__Material for this exercise__.
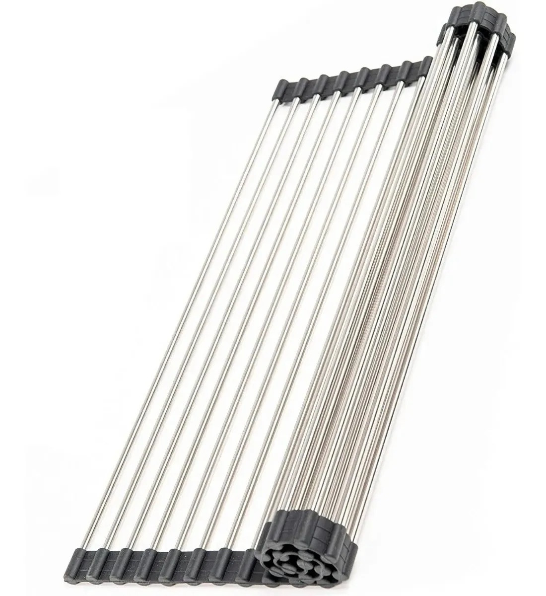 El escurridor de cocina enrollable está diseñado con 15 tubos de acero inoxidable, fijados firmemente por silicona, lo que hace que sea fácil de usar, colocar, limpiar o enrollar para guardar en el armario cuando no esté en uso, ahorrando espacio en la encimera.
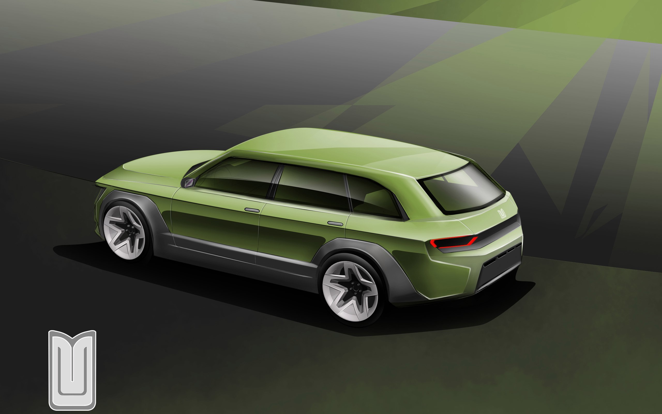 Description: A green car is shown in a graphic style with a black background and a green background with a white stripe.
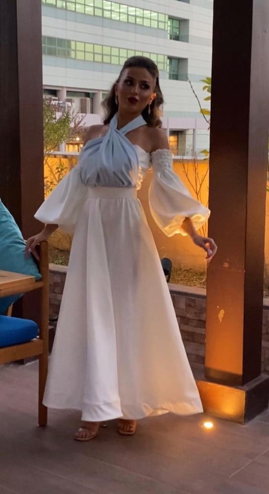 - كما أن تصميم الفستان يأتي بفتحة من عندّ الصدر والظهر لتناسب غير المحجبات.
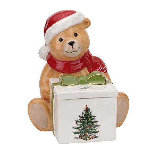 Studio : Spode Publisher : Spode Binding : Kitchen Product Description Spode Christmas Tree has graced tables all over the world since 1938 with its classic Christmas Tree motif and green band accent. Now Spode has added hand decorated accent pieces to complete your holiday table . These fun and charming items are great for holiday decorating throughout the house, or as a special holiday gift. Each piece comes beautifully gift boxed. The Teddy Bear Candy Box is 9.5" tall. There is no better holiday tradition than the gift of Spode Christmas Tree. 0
--
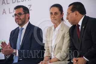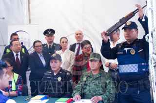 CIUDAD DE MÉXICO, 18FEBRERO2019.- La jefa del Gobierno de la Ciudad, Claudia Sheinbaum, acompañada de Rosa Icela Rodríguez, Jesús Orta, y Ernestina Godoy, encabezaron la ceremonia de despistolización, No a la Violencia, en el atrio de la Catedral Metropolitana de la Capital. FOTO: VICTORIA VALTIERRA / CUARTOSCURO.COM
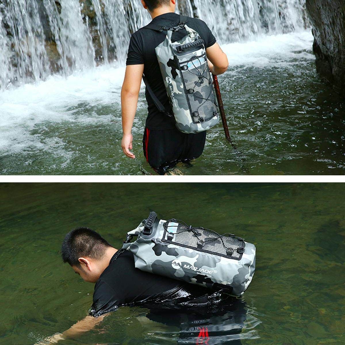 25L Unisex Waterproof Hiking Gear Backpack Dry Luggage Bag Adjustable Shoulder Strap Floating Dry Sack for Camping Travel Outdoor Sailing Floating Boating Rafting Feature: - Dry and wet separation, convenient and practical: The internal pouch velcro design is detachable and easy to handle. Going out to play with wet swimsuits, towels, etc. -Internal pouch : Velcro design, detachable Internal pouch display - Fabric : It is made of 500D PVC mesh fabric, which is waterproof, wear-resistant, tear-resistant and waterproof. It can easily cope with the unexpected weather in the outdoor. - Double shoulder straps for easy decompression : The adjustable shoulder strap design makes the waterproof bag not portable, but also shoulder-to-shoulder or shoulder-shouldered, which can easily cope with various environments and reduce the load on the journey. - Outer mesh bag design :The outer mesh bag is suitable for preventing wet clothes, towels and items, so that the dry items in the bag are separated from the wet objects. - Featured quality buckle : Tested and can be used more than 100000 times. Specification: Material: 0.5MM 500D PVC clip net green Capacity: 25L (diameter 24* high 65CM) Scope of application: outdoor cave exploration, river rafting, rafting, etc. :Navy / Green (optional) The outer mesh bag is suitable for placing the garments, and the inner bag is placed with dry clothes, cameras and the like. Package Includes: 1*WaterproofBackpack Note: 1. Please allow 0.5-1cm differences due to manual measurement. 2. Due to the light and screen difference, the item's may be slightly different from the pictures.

__Work instructions__.
Would you output the lines above from the line holding "El escurridor de" up to and including the line holding "Studio : Spode", exactly and only those, with no pictures?

__Task output__.
 El escurridor de cocina enrollable está diseñado con 15 tubos de acero inoxidable, fijados firmemente por silicona, lo que hace que sea fácil de usar, colocar, limpiar o enrollar para guardar en el armario cuando no esté en uso, ahorrando espacio en la encimera.
 Description: A green car is shown in a graphic style with a black background and a green background with a white stripe.
 - كما أن تصميم الفستان يأتي بفتحة من عندّ الصدر والظهر لتناسب غير المحجبات.
 Studio : Spode Publisher : Spode Binding : Kitchen Product Description Spode Christmas Tree has graced tables all over the world since 1938 with its classic Christmas Tree motif and green band accent. Now Spode has added hand decorated accent pieces to complete your holiday table . These fun and charming items are great for holiday decorating throughout the house, or as a special holiday gift. Each piece comes beautifully gift boxed. The Teddy Bear Candy Box is 9.5" tall. There is no better holiday tradition than the gift of Spode Christmas Tree. 0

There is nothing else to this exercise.